As the start of school rolls around, you might be interested in picking up some easy money to help with fall shopping. Here's a story about a million-dollar challenge, payable to anyone who can prove that some very common medical quackery has any basis in fact. I'll tell you how you can win the million, but be warned that the odds are that what you'll probably win is a great school science project.
Lots of folks believe in homeopathy, a 200-year-old system of alternative "medicine," based on the idea that you can treat disease with incredibly watered-down solutions. Start with an agent which, if undiluted, would produce symptoms similar to the symptoms of the disease. Then mix with lots and lots and lots of water and shake vigorously to dissolve.
For example, one might dilute pepper with so much water that there's no pepper left in the solution and use this to treat a fever. (Pepper makes you feel hot, sort of like a fever. Get it?) Silly as it sounds, you can find homeopathic "doctors" in Washington, piles of homeopathic remedies sold in drug stores, and even a few advocates of homeopathy at our institutions of higher education—especially at Seattle-based Bastyr University, but with a sprinkling at our public universities as well.

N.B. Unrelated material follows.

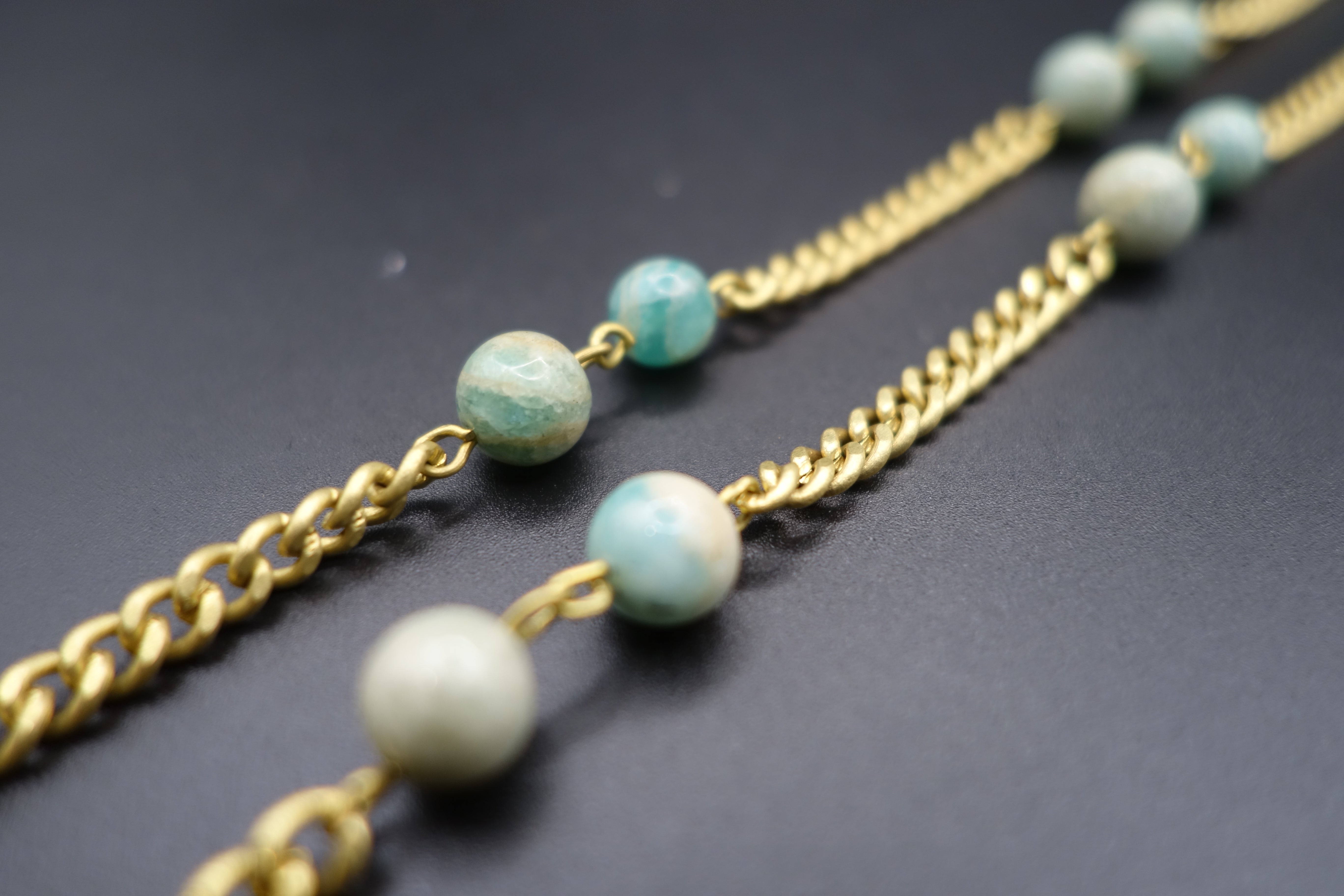 - Amazonite gemstones (15 to 20 pieces per chain) with two lobster clasps and rubber bands / elastics to connect to the glasses.
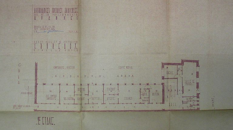 Plan du 2ème étage des bureaux des Assurances sociales agricoles par G. Caubert de Cléry, 1951. AM Vannes.Immatriculation

The science of chemistry tells us that at very high dilutions, there aren't any molecules left of the diluted substance. In other words, homeopathy is quackery. Of course if you believe a treatment will make you feel better, you probably will feel better.
This is the scientifically well-documented "placebo effect." Homeopathic remedies aren't any better than sugar pills, but they aren't any worse either. And you should also know that some products labeled "homeopathic" really aren't because they include strong doses of non-homeopathic substances. Dilute a speck of pepper in a large amount of 24-year-old scotch and you'll be feeling pretty good (until the next morning), but it's not because of the pepper.
Back to the million dollars. All you need do to win is prove that homeopathy isn't complete quackery. You needn't even show it cures anything. Specifically, just demonstrate that you can reliably tell the difference between a high-dilution homeopathic remedy and the same solution without the homeopathic ingredient. You can use a science lab. You can have help from your friends. Heck, if think it'll help you tell one sample from another you can use a Ouija board.
The million-dollar prize is offered by the famed magician and MacArthur genius-prize winner, James Randi. (Isn't it great when people who put their money where there mouth is.) What makes winning hard is that the people at Randi's foundation (www.randi.org) won't let you cheat by hiding a mark of some sort on one of the samples. Magicians are in the business of tricking the rest of us in the interest of fun. Since they know the tricks, they know how to catch people using tricks while pretending to be scientists. In the decades that the Randi Challenge has stood, no one has come close to winning.
But maybe you're sure that homeopathy works. For a million bucks, why not apply for the challenge? You can read the details at Randi's web site. Or if you like, I'll help you apply -- with one proviso: nothing is confidential. Your name, how the test goes, etc., may show up in this space.
I'd love to be able to report back to you that a homeopathy advocate at one of Washington's colleges or universities has agreed to try for the million in a public test, but I have a feeling that's not going to happen. There's probably more to be gained from some of our kids testing homeopathic dilutions for school science fairs. The kids probably know more science than the homeopathy advocates anyhow.